From Lemmy documentation:
We don’t delete anything from our database, just hide it from users. Deleted or removed Communities/Posts/Comments have a “restore” button.
But don’t take my word for it. Try it out yourself. You can make a comment, delete the comment (your username appears to remain) and then restore its content.
Not from a privacy perspective, that’s for sure. There are already a couple privacy downsides in federated services in general, but the decision to intentionally retain user data after deletion is requested… If that’s the case, Reddit may offer more privacy
deleted by creator
Reddit is even worse. When you delete your comment, it’s not really deleted and still visible to the mods of the sub
That is not true.
No, if a user deletes their comment on Reddit, it is visible only to admins, not to mods. If a mod deletes a user’s comment, it is visible to mod and user, and even on that user’s account page. If an account is deleted, still all the data is retained by Reddit admins.

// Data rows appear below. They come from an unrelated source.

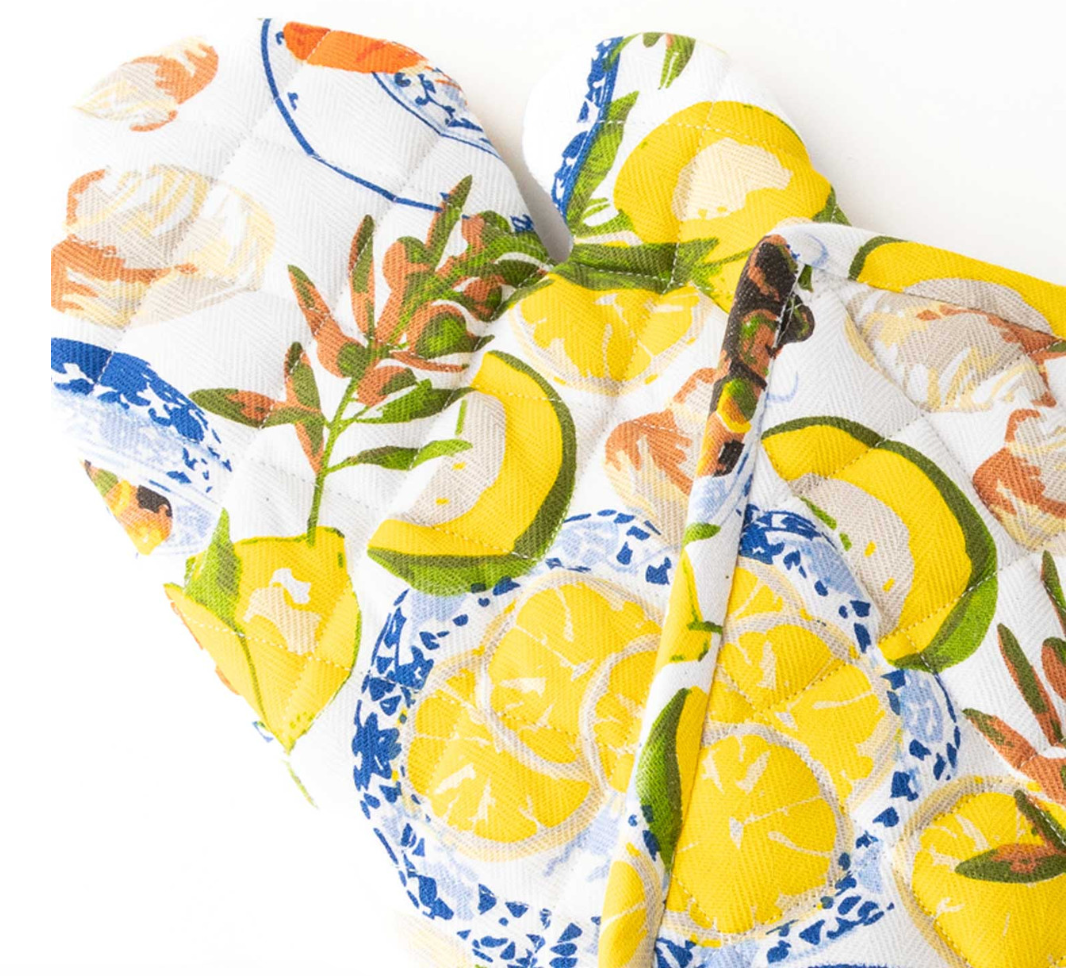Bring the feeling of natural beauty & timeless elegance into your kitchen with our Lemon Santorini Oven Mitt Set. Get ready to feel stylish while cooking with this set & its signature orange blossom print - perfect for adding a flair of sophisticated charm to any kitchen. Crafted from 100% cotton, you know youre getting nothing but the best in quality & comfort. Plus, each mitt & potholder also come complete with a hanging loop for easy storage when not in use! Make sure to pair this beautiful oven mitt set with our Kitchen Towels & Aprons to create a wonderful gift for someone special or just use them as the perfect way to celebrate yourself!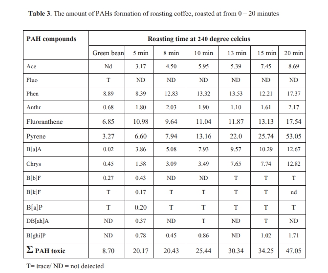 Keyword สารกลุ่ม Polycyclic Aromatic Hydrocarbon, การผลิตกาแฟ, สารก่อมะเร็ง, กาแฟคั่วบด, การเก็บสารกาแฟ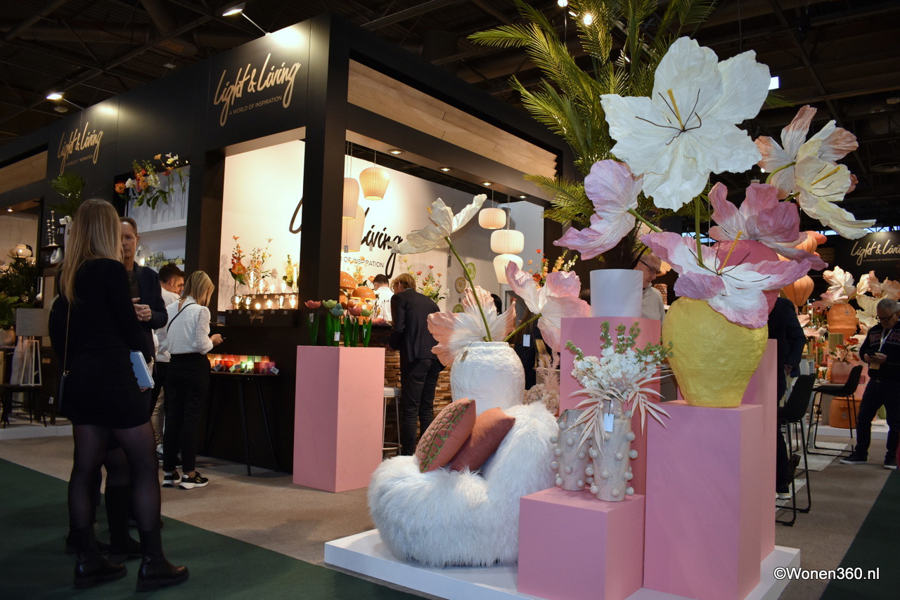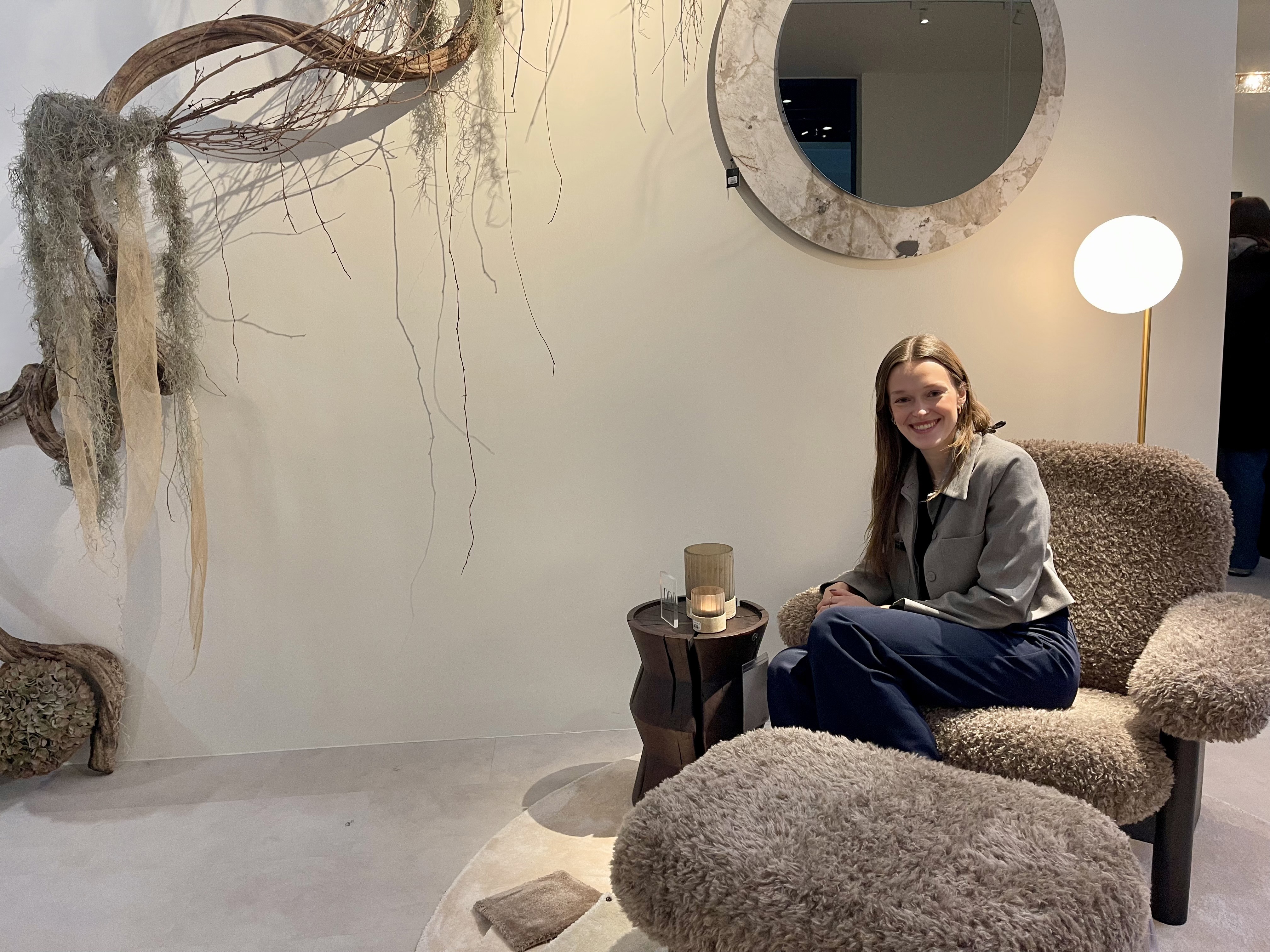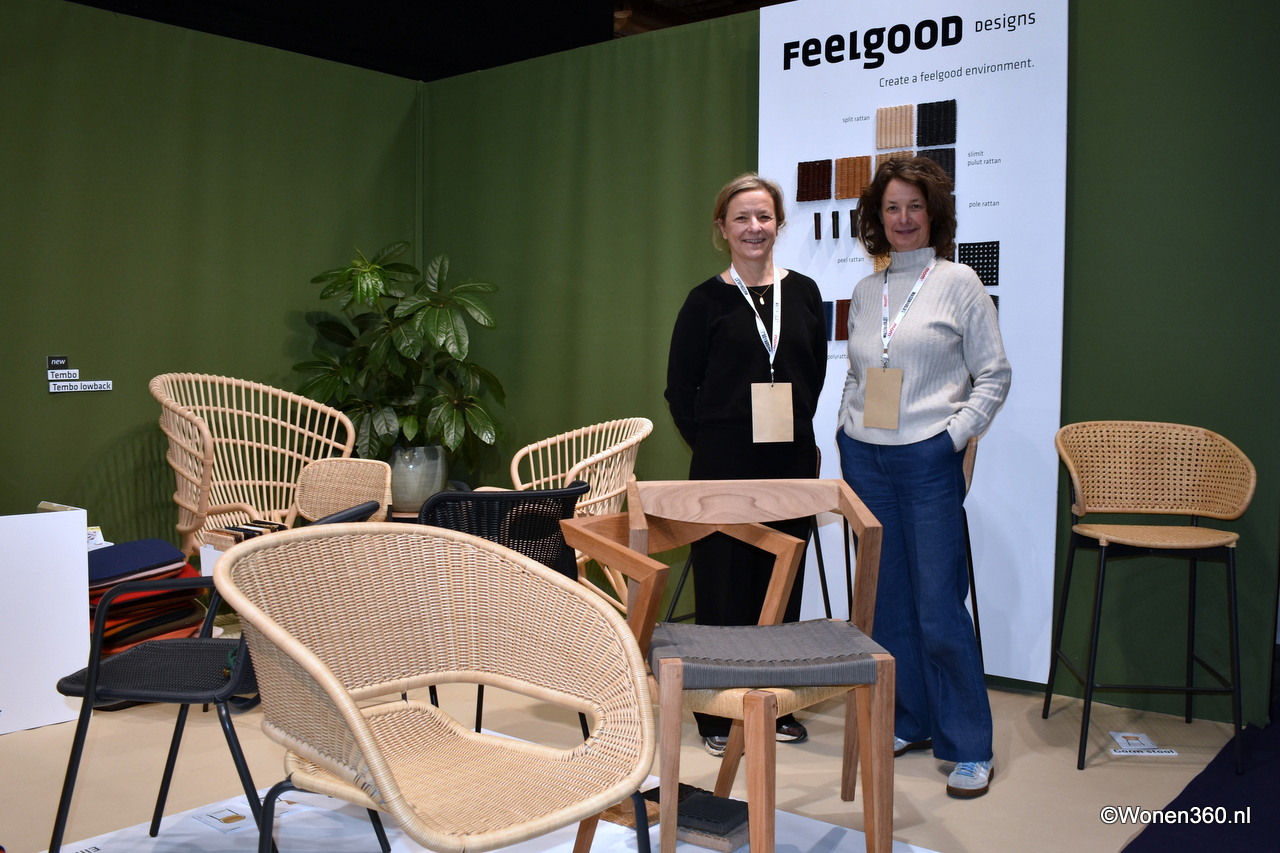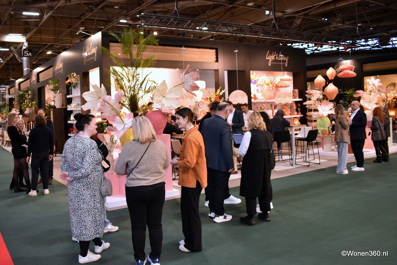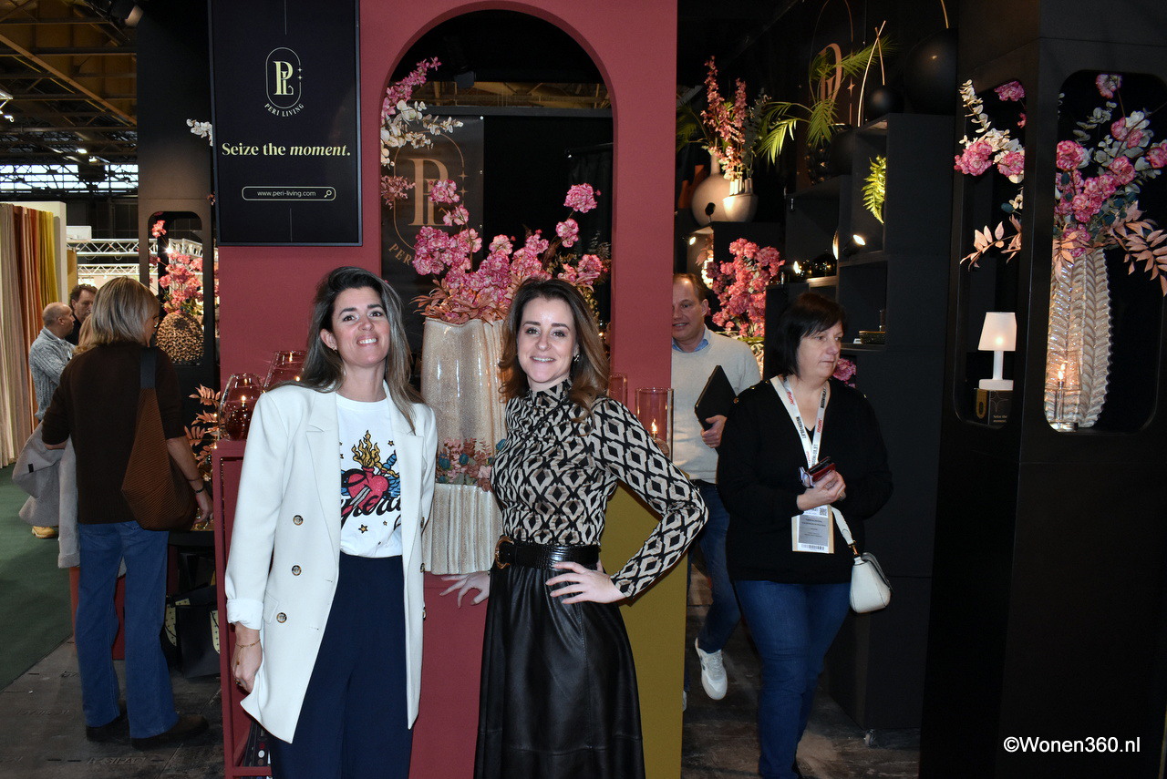 Dunja Wierema en Louise Nolta in de stand van It’s About Romi van GOOD&MOJO, poserend bij de nieuwe collectie lampen gemaakt van duurzame materialen.

Reddit and their admins are an absolute nightmare. In comparison, Lemmy has a transparent modlog, transparency in “deleted” comments, transparency in your data actually being purged when account is deleted, an incomparably better moderation squad, no third party or contracted spying (see domains in uBlock Origin), xenophobes and racists are actually taken action against, vote manipulation is more transparent, brigading of accounts and instances is taken care of… these are just obvious benefits.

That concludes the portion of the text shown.